Os EUA planejam encerrar a mais longa guerra de sua história. Até o dia 11 de setembro de 2021 pode ser encerrada a presença militar do país no Afeganistão. Vinte anos após os ataques às torres gêmeas em Nova Iorque e a invasão do Afeganistão, os norte-americanos não conseguiram derrotar os Talebans. Mais de 100 mil civis afegãos foram mortos ao longo dessas duas décadas. Atualmente há cerca de 10 mil militares estrangeiros no Afeganistão, sendo 3 mil americanos e 7 mil de países da OTAN. Uma conferência internacional está sendo organizada para o período entre 24 de abril e 4 de maio em Istambul, na Turquia, com a participação de 20 países e autoridades da ONU para discutir a situação do Afeganistão após a retirada das tropas estrangeiras. Em 2020, o governo Trump assinou um acordo com os Talebans para retirada das tropas americanas, por um lado, e impedimento de uso do solo afegã para ataques aos EUA, por outro. O acordo foi endossado pela ONU.
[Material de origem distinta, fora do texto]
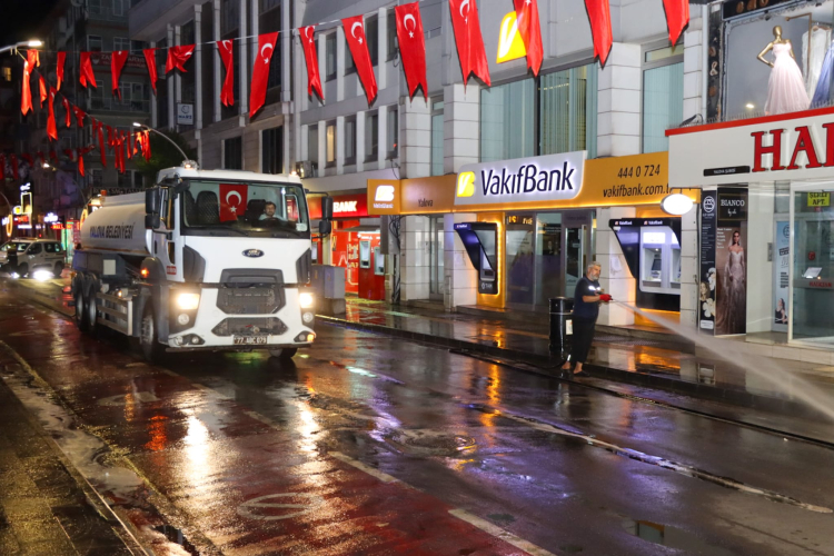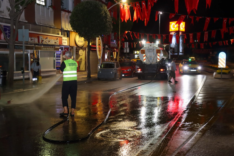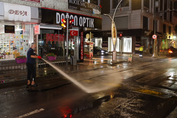 Mesai mefhumu gözetmeksizin gerçekleştirilen temizlik mesaisinde, şehrin kalbi olarak bilinen Cumhuriyet ve Yalı Caddesi’nde, yollar sabunla köpürtülerek fırçalandı ve tazyikli suyla yıkandı.

Enquanto isso, os iranianos anunciaram, também esta semana, que vão começar a enriquecer urânio a 60%. O anúncio foi feito poucos dias após uma explosão na usina nuclear de Natanz e que foi muito noticiada pela imprensa mundial. Duas centrífugas haviam sido inauguradas na usina de enriquecimento de urânio. O governo iraniano acusa Israel de estar por trás da explosão. A alegação é que Israel já sabotou o programa nuclear iraniano outras vezes com cyber ataques e assassinato de cientistas. Ao acusar Israel, o chanceler iraniano Mohammad Zarif estava ao lado do chanceler russo Sergei Lavrov na capital Teerã.
Nos marcos dos 60 anos de vitória da Batalha de Girón, após invasão norte-americana na Baía dos Porcos e tentativa frustrada de derrubada do governo de Fidel Castro, começa hoje o 8º Congresso do Partido Comunista Cubano.